Work instruction
Set down the whole listing below exactly. The pictures stay out.

Collected material

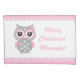 Palhaço de Natal de Nome Personalizado, Invertido. Rosa, cinza e branco. Coruja-bebê bonita e Feliz Natal + nome personalizável na frente, e seu texto personalizado na parte de trás. Escreva aqui as palavras que seu coração está falando ou deixe este texto como está. Por favor, note que o floco de neve no verso está móvel, então você pode ajustá-lo de acordo com seu texto.
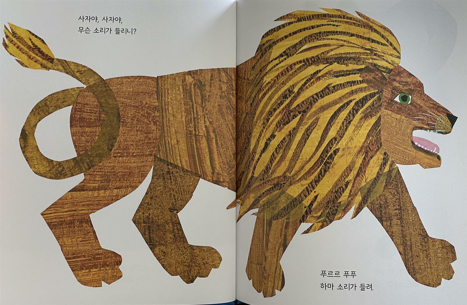 그러자 북극곰은 “으르렁 크앙, 사자 소리가 들려.”라고 대답합니다.
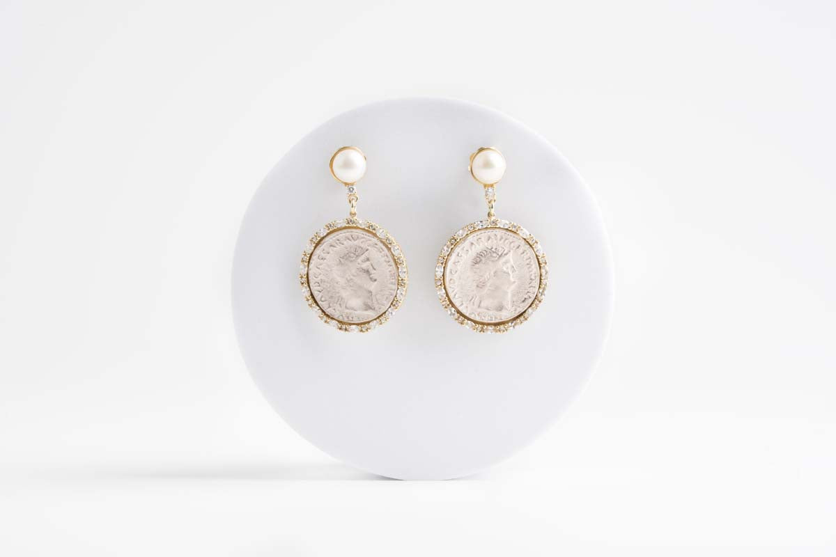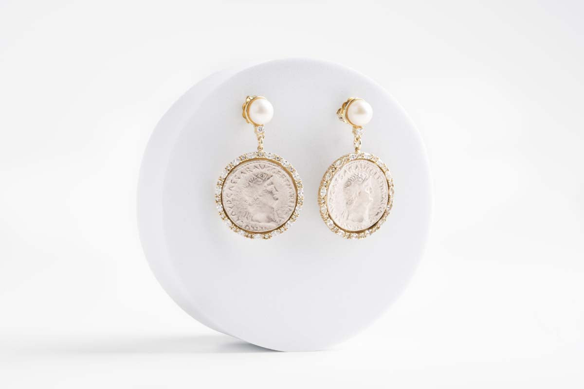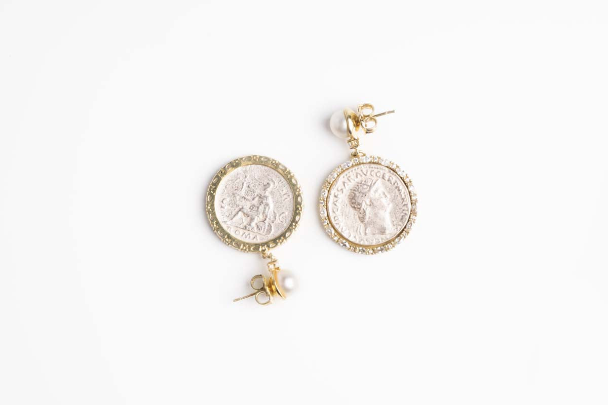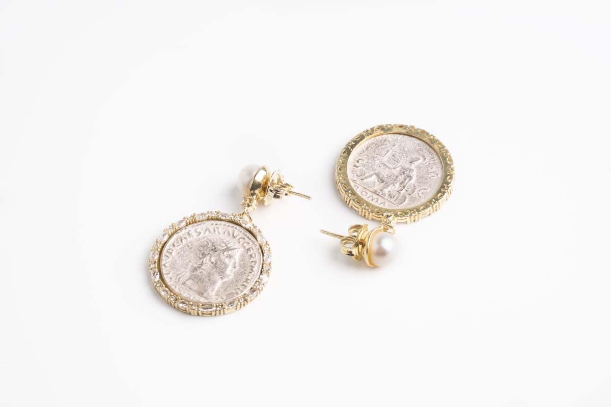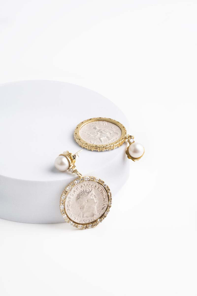 Orecchini in argento 925‰ rodiato oro con inserto a moneta antica, dettaglio di cristalli Swarovski e perla.Pendente dal diametro di 3 cm, perla da 8,5 mm.Chiusura a vite.
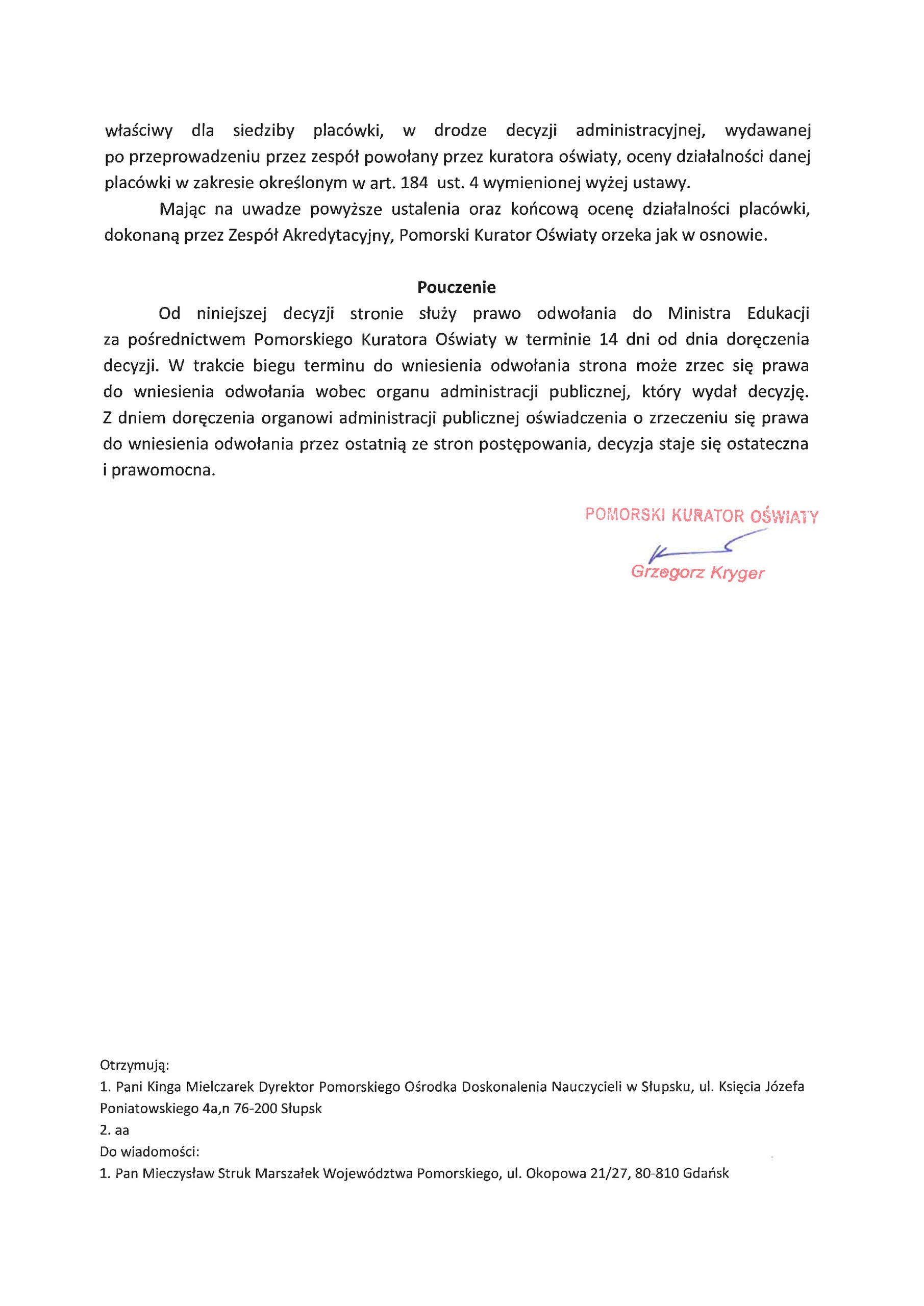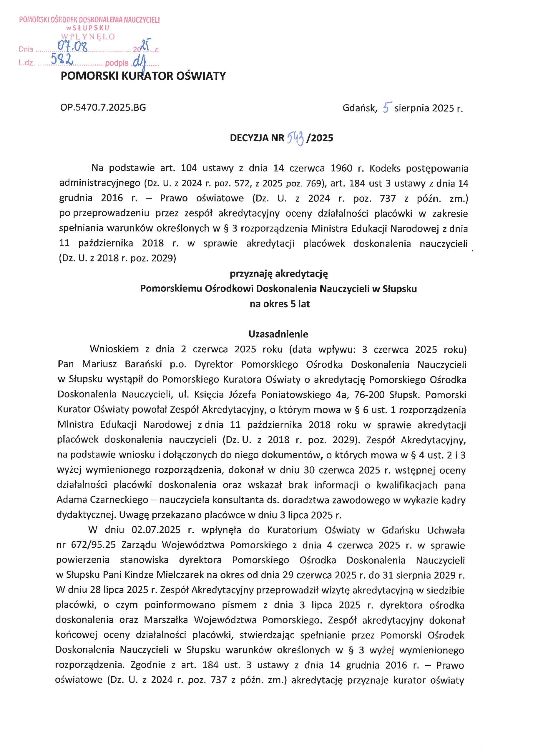 Akredytacja Pomorskiego Kuratora Oświaty 5.08.2025 r.

Task result
 Palhaço de Natal de Nome Personalizado, Invertido. Rosa, cinza e branco. Coruja-bebê bonita e Feliz Natal + nome personalizável na frente, e seu texto personalizado na parte de trás. Escreva aqui as palavras que seu coração está falando ou deixe este texto como está. Por favor, note que o floco de neve no verso está móvel, então você pode ajustá-lo de acordo com seu texto.
 그러자 북극곰은 “으르렁 크앙, 사자 소리가 들려.”라고 대답합니다.
 Orecchini in argento 925‰ rodiato oro con inserto a moneta antica, dettaglio di cristalli Swarovski e perla.Pendente dal diametro di 3 cm, perla da 8,5 mm.Chiusura a vite.
 Akredytacja Pomorskiego Kuratora Oświaty 5.08.2025 r.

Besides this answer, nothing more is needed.